1) Antizymes are polyamine-induced proteins that negatively regulate cellular polyamines. We previously reported that homozygous AZ1 knockout mice with a mixed genetic background are partially embryonic lethal. Homozygous embryos with the C57BL/6J background showed a high mortality rate at embryonic day (E) 13.5-16.5. Hepatic hypoplasia was the earliest abnormality ever detected. Subsequent analysis revealed a reduction of hepatic hemopoietic cells with apoptotic morphology at E12.5-13.5 and anemia with increased erythroblasts in the peripheral circulation, indicating that the secondary embryonic hematopojesis in the liver was a most affected process in the AZ1 knockout mice. Presence of modifier gene(s) for the lethal phenotype of AZ1 knockout mice was indicated in our genetic analysis. To identify the modifier gene(s) using positional assignment, we have prepared a congenic line in MSKR mice, a strain originated from wild molossinus mice in Japan.2) Studies using primary and immortalized cultured cells derived from AZ1 knockout mice demonstrated that ODC repression by polyamines was retarded in these cells and that AZ2 partially compensated the polyamine regulation. Thus AZ2 has activities to repress ODC and inhibit polyamine uptake both in a polyamine-dependent manner.3) We also prepared AZ2 knockout mice. Homozygous AZ2 knockout mice showed no apparent phenotype. AZ1-AZ2 double homozygous knockout mice were complete embryonic lethal by E14.5. The systemic developmental retardation started by E10.5 before the formation of liver, suggesting that the cause of death in the double knockout embryos differs from AZ1 knockouts.4) Long term observation of survivors failed to show the increase in the tumorigenesis in AZ1 homozygotes. However, crossing of AZ1 knockout mice and APC-deficient mm mice demonstrated increases in the number and size of intestinal adenomas in the presence of the heterozygous AZ1 mutation in min mice.

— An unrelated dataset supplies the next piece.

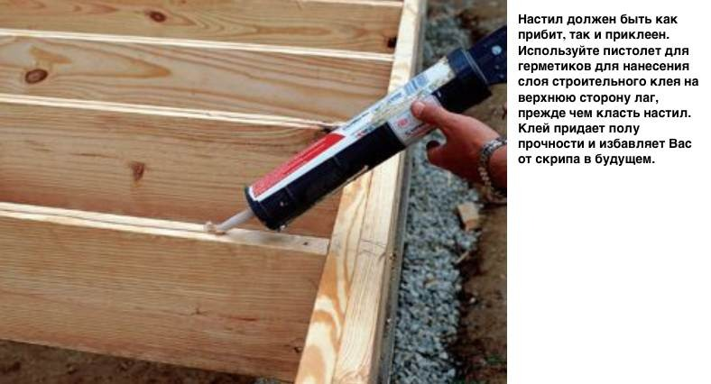 Перед тем как укладывать каждый лист настила, нанесите непрерывный слой строительного клея толщиной ¼ дюйма(0.63 см) на лаги под листом (см. фото ниже). Это сделает пол структурно прочнее и предотвратит возникновение скрипа в будущем.

1)抗酶是多胺诱导的蛋白质，其负调节细胞多胺。我们以前报道过，具有混合遗传背景的纯合子AZ 1基因敲除小鼠是部分胚胎致死的。具有C57 BL/6 J背景的纯合胚胎在胚胎日（E）13.5-16.5显示高死亡率。肝发育不全是最早发现的异常。随后的分析显示，在E12.5-13.5时，肝脏造血细胞减少，细胞凋亡形态，外周循环中贫血伴成红细胞增加，表明肝脏中的继发性胚胎造血是AZ 1敲除小鼠中最受影响的过程。在我们的遗传分析中，AZ 1基因敲除小鼠的致死表型的修饰基因的存在被指示。为了使用位置分配来鉴定修饰基因，我们在MSKR小鼠中制备了同源系，MSKR小鼠是源自日本野生molossinus小鼠的品系。2）使用来自AZ 1敲除小鼠的原代和永生化培养细胞的研究表明，在这些细胞中，多胺对ODC的抑制被延迟，并且AZ 2部分补偿了多胺的调节。因此，AZ 2具有抑制ODC和抑制多胺摄取的活性，两者均以多胺依赖的方式进行。3）我们还制备了AZ 2敲除小鼠。纯合子AZ 2基因敲除小鼠没有表现出明显的表型。AZ 1-AZ 2双纯合子基因敲除小鼠在E14.5时胚胎完全致死。在E10.5时开始出现全身发育迟缓，肝脏形成之前，提示双基因敲除胚胎的死亡原因与AZ 1基因敲除胚胎不同。4）对存活胚胎的长期观察未能显示AZ 1纯合子的肿瘤发生增加。然而，AZ 1基因敲除小鼠和APC缺陷型mm小鼠的杂交表明，在min小鼠中存在杂合AZ 1突变的情况下，肠腺瘤的数量和大小增加。